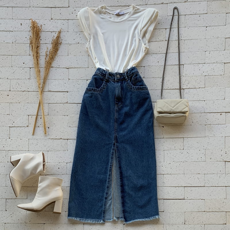 Escolha sua Saia Midi Jeans Premium com Fenda com nosso PROVADOR VIRTUAL
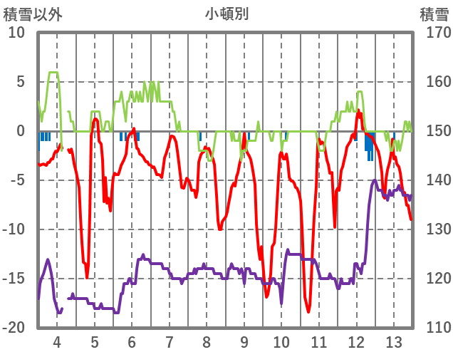 | 日 | 時 | 気温 | 降水 | 風向/風速 | 日照 | 積雪 | 降雪 |
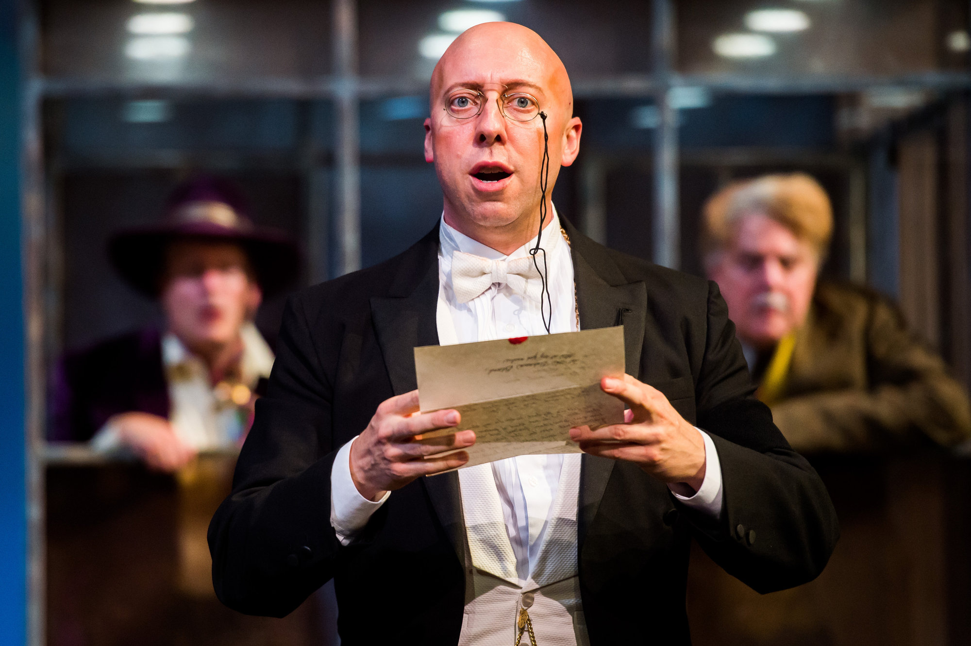Malvolio (actor, Lynn Robert Berg, center) attempts to solve a puzzle as pranksters Sir Andrew Aguecheek (actor, Tom Ford, left) and Sir Toby Belch (actor, Aled Davies, right) observe in the Great Lakes Theater production of TWELFTH NIGHT at the Hanna Theatre, Playhouse Square which runs through October 30. (Photo by Ken Blaze)
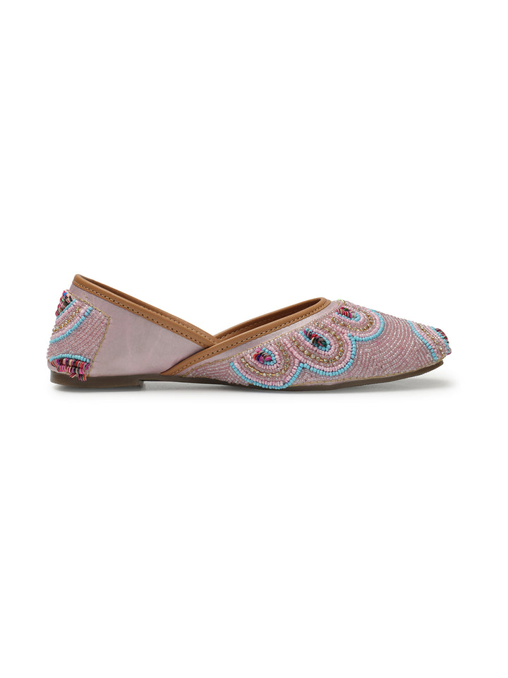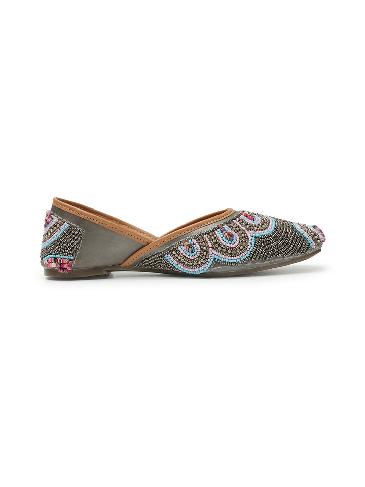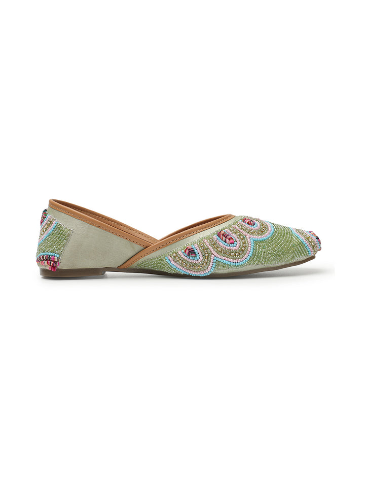 Step into a world of vibrant artistry with these handcrafted Artisan Beaded Juttis. These traditional Indian slip-on flats are a celebration of meticulous craftsmanship, featuring an enchanting all-over beaded pattern that creates striking scalloped and concentric designs across the upper. The rich tapestry of beads in varying hues forms a beautiful, textured mosaic that truly stands out.
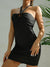 • Shiny Halter Neck Cutout Mini Dress
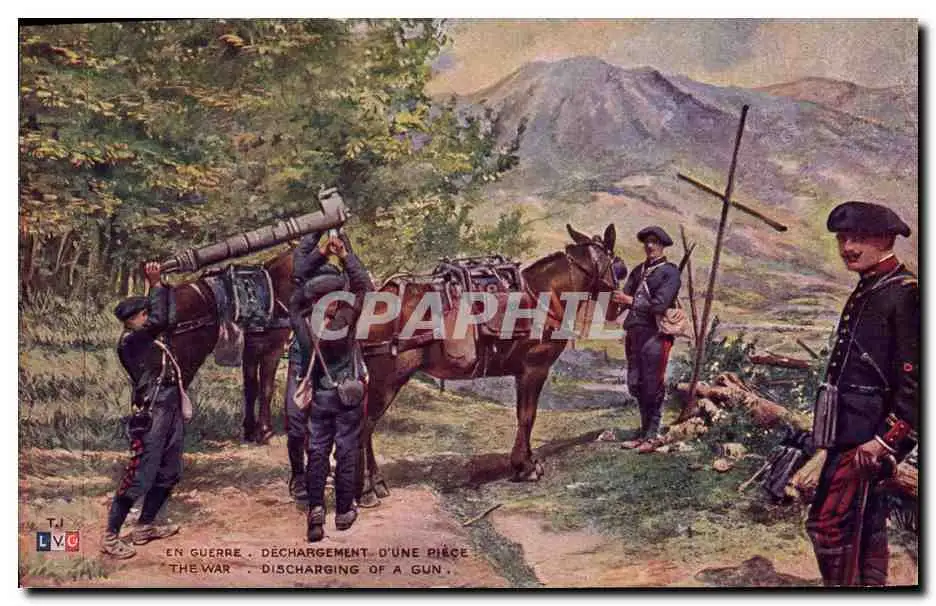 Cartes postales Militaria Dechargement d&#39une piece Chasseurs Alpins Ane Mule

════

# [Work to complete]
The expected answer is an unaltered copy of the listing, images removed.

# [Solved problem]
 Escolha sua Saia Midi Jeans Premium com Fenda com nosso PROVADOR VIRTUAL
 | 日 | 時 | 気温 | 降水 | 風向/風速 | 日照 | 積雪 | 降雪 |
Malvolio (actor, Lynn Robert Berg, center) attempts to solve a puzzle as pranksters Sir Andrew Aguecheek (actor, Tom Ford, left) and Sir Toby Belch (actor, Aled Davies, right) observe in the Great Lakes Theater production of TWELFTH NIGHT at the Hanna Theatre, Playhouse Square which runs through October 30. (Photo by Ken Blaze)
 Step into a world of vibrant artistry with these handcrafted Artisan Beaded Juttis. These traditional Indian slip-on flats are a celebration of meticulous craftsmanship, featuring an enchanting all-over beaded pattern that creates striking scalloped and concentric designs across the upper. The rich tapestry of beads in varying hues forms a beautiful, textured mosaic that truly stands out.
 • Shiny Halter Neck Cutout Mini Dress
 Cartes postales Militaria Dechargement d&#39une piece Chasseurs Alpins Ane Mule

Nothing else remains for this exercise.